Each week the Tiller team answers a new question about our individual approaches to money, budgeting, and finances.
This week the question was “What book or piece of writing had a major influence on your financial mindset?”
Heather – Probably the nerdiest response from the team, but a book that really impacted my perceptions around money and spending was “Harry Potter.”
“The Sorcerer’s Stone” came out when I was in 6th or 7th grade. We lived in this really junky house in Middle Tennesee at that time, right next to section 8 housing. Our house was so poorly insulated we had to cover the windows with plastic in the winter to keep our heating costs down. I think back to how embarrassed I was about that.
When I tore through the first Harry Potter book and saw how he too came from poverty, (basically, because the Dursleys never gave him money, he lived in the dirty cupboard under the stairs, and wore his cousin’s too big second-hand clothes) I stopped feeling embarrassed about my situation.
When Hagrid came and saved him, and took him to the Gringotts bank, where it turns out he was actually a bazillionaire in the wizarding world because his parents left him all that gold, I started to think about life a little differently in the context of what’s really a “fortune.”

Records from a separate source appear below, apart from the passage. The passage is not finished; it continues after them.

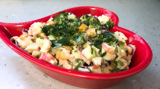 Всем привет! Был я как-то с женой в очень уютном ресторанчике и заказал с виду, казалось бы, обычный салат, но на вкус он был замечателен, поэтому я попросил хозяина полный рецепт и сейчас поделюсь им с Вами. Этот салат отлично подойдёт на любой праздничный стол, ведь он очень свежий и лёгкий, не смотря на то, что в составе есть майонез. Погнали готовить! Для начала, в миску нам надо порезать на кубики крабовое мясо, к нему добавить кукурузу. Затем режем мелко одну небольшую луковицу, желательно взять красный лук, а не обычный, он придаст интересный вид салату, будет сочно и ярко😊...
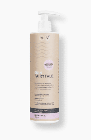 SkinFairytale Tuš gel je pripravljen za tuširanje občutljive kože. Tuširanje je za bolnike z atopijskim dermatitisom dvorezni meč, saj lahko sredstva za čiščenje kože vsebujejo dražilna sredstva, alergene. Čistilna sredstva lahko odstranijo lipide s povrhnjice in tako povečajo transepidermalno izgubo vode ter ogrozijo barierno funkcijo kože. Razvoj vlažilnih in nežnih čistilnih sredstev za tuširanje je zelo pomemben korak za paciente z atopijskim dermatitisom. Namen razvoja teh izdelkov je predvsem, da omogočajo učinkovito čiščenje, vendar pri tem ne poškodujejo ali razdražijo kože.
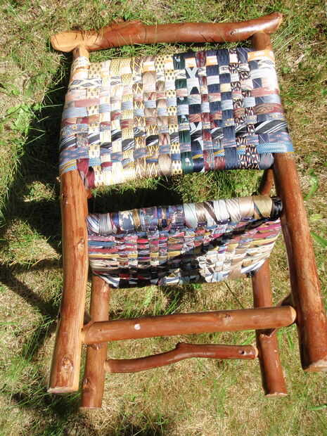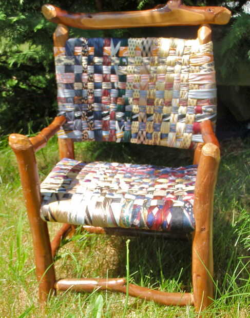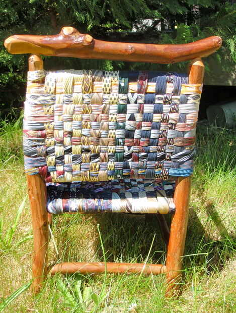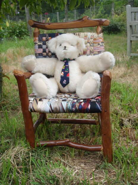 Esta silla tiene un patrón de tablero de ajedrez, alternando oro y azul. Alguna vez no te un patrón exacto con corbatas a menos que utilizas todos los colores sólidos pero me gusta este efecto. El oso fue hecho por un amigo. Hice la corbata.
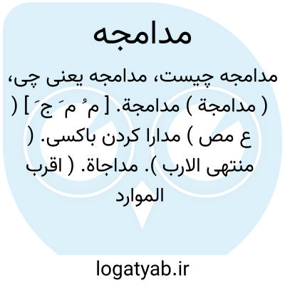( مدامجة ) مدامجة. [ م ُ م َ ج َ ] ( ع مص ) مدارا کردن باکسی. ( منتهی الارب ). مداجاة. ( اقرب الموارد ) ( تاج المصادر بیهقی ). موافقة. ( متن اللغة ). رجوع به دماج شود.
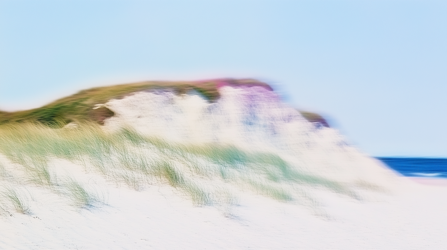 Dreamy coastal dunes with soft grass, white sand, and a calm blue ocean under a pastel sky. Perfect for serene and artistic vibes.

The biggest thing Harry Potter taught me about money was to be generous, and stay humble
The biggest thing Harry Potter taught me about money was to be generous, and stay humble. He was always giving out money when friends needed it, and he never flaunted the fact that he was actually extremely wealthy.
Edward – “Walden” most influenced my financial mindset.

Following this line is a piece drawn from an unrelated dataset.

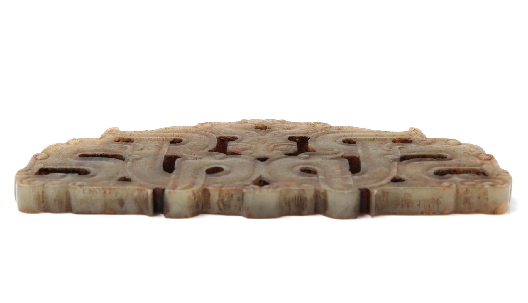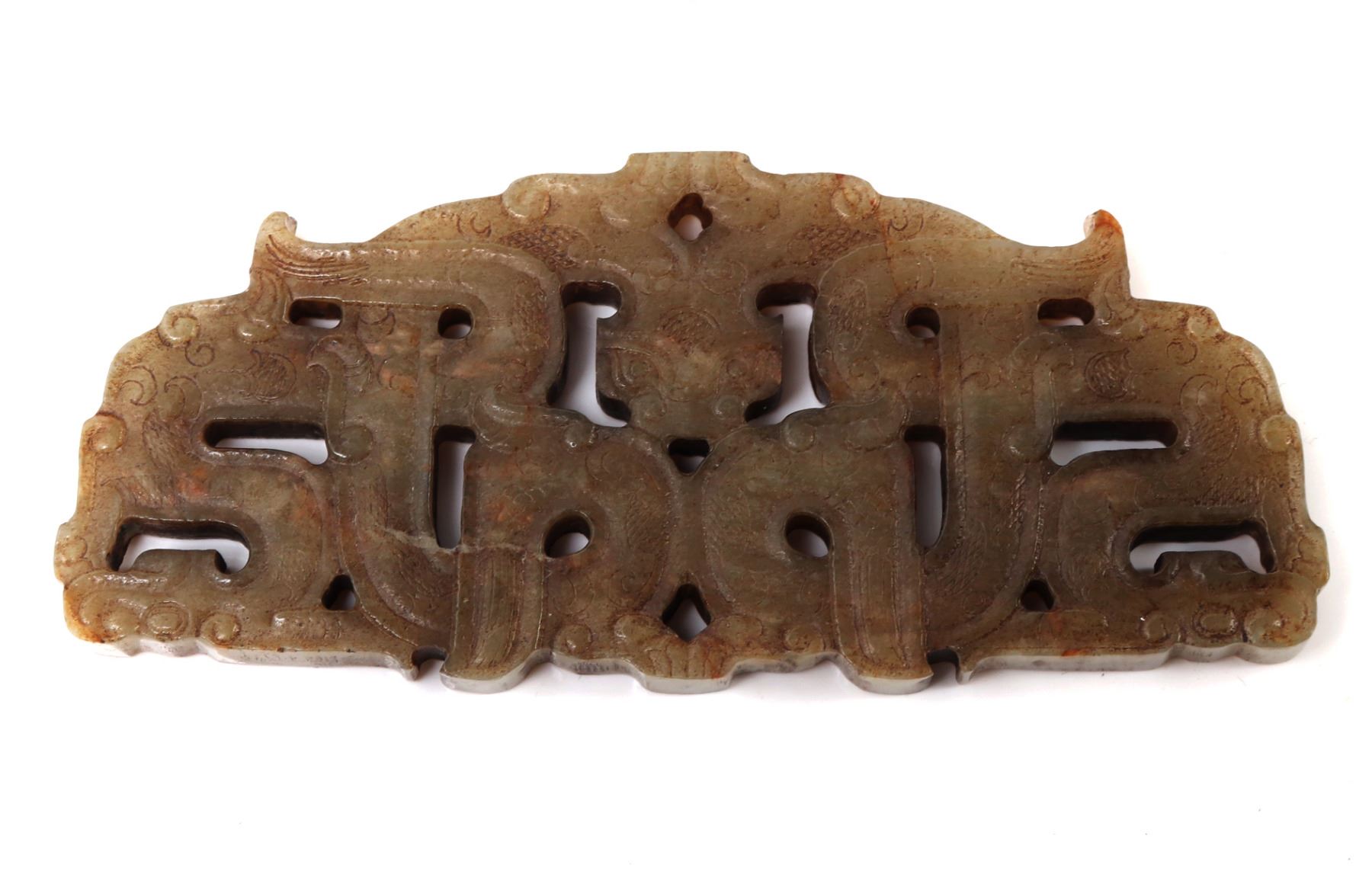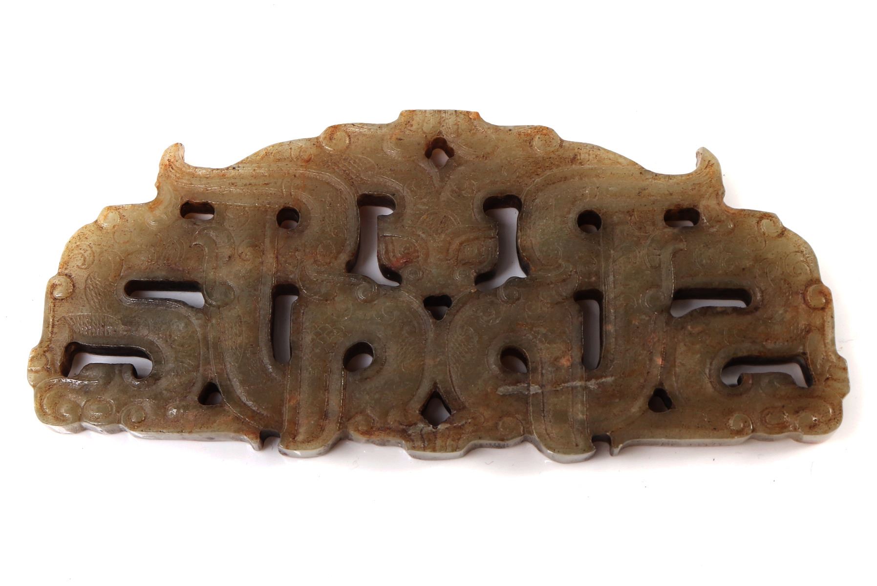 Chinese jade style stone carved pendant with incredible detailing throughout including pierced openwork incised detailing and geometric banding throughout. Size 5" L x 3" W weight 84g. Condition: Good overall condition.

While it’s typically filed as “nature writing,” the book is really all about economy. It questions how the individual can remain free and self-reliant, even while making a necessary “living” from the various economies of forest, farm, town, state, and nation.
Truthfully, I didn’t understand “Walden” when I first read it in high school. It seemed old-fashioned, judgmental, even prudish. But in college, I was shocked to discover “Walden” was funny, brilliantly written, compassionate, and incredibly relevant to modern life.
It resonated strongly with me as a young man about to head into the world. Similar to Thoreau when he went to live his experiment in the woods, I was grappling with questions about the best way to earn money while living a life of meaning and connection.
Years later and I continue to discover new messages and wisdom in “Walden.” But one of it’s clearest, boldest, and most enduring messages is the easiest to remember: “Simplify, simplify.” Read the “Economy” chapter of Walden for free here.
“I know of no more encouraging fact than the unquestionable ability of man to elevate his life by conscious endeavor.” – Thoreau, Walden
Tom – This was a really tough one. And it opens up a huge area about me and the way I deal with money.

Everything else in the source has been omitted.